JiRack_GPT5_236b / PerformanceBenchmarkPlan.md
kgrabko's picture
Upload PerformanceBenchmarkPlan.md
fd18000 verified
# PERFORMANCE BENCHMARK PLAN: JiRack 236B
**Document ID:** CMS-JR-236B-BCH-2025
**Target:** 16x H100 GPU Cluster (2-Node HGX)
---
## 1. Stage I: Fabric & Communication (The "Stress Test")
Before loading weights, the inter-node fabric must be verified. JiRack's **14:1 GQA** relies on ultra-fast All-Reduce operations during the attention heads' merge phase.
| **Test Type** | **Tool** | **Target Metric** | **Success Criteria** |
|-------------------------|---------------------------|-------------------------------------------|-----------------------------------------------|
| NCCL All-Reduce | `nccl-tests` | Bus Bandwidth | > 380 GB/s (Intra-node) / > 45 GB/s (Inter-node) |
| P2P Latency | `p2pBandwidthLatencyTest` | Latency (μs) | < 2.0 μs via NVLink |
| IB Write BW | `ib_write_bw` | Throughput | 390+ Gbps per link (NDR 400) |
---
## 2. Stage II: JiRack SWA Kernel Fusion (The "Compute Test")

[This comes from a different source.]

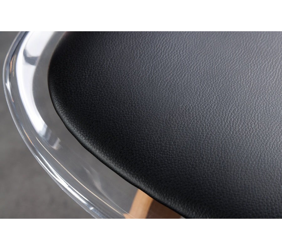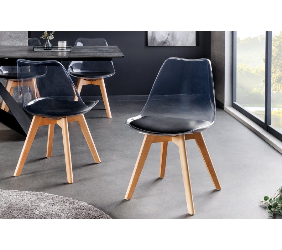 Škandinávska stolička Scandi s priehľadným plastovým operadlom a čiernym koženým sedadlom na bukových nožičkách 81 cm

Standard benchmarks (like HPL) are ineffective for JiRack. The **SwiGLU-Attention (SWA)** fusion logic must be tested on the specific **14,336-width dimension**.
- **Benchmark Tool:** `trtllm-bench` (TensorRT-LLM) or a custom Triton kernel profiler.
- **Target Configuration:**
- **Input:** 1024 tokens (Prompt).
- **Output:** 128 tokens (Generation).
- **Batch Size:** 1, 8, 32, 64.
### **The "Grabko Metric":**
- The system must achieve **at least 55% MFU (Model FLOPs Utilization)**.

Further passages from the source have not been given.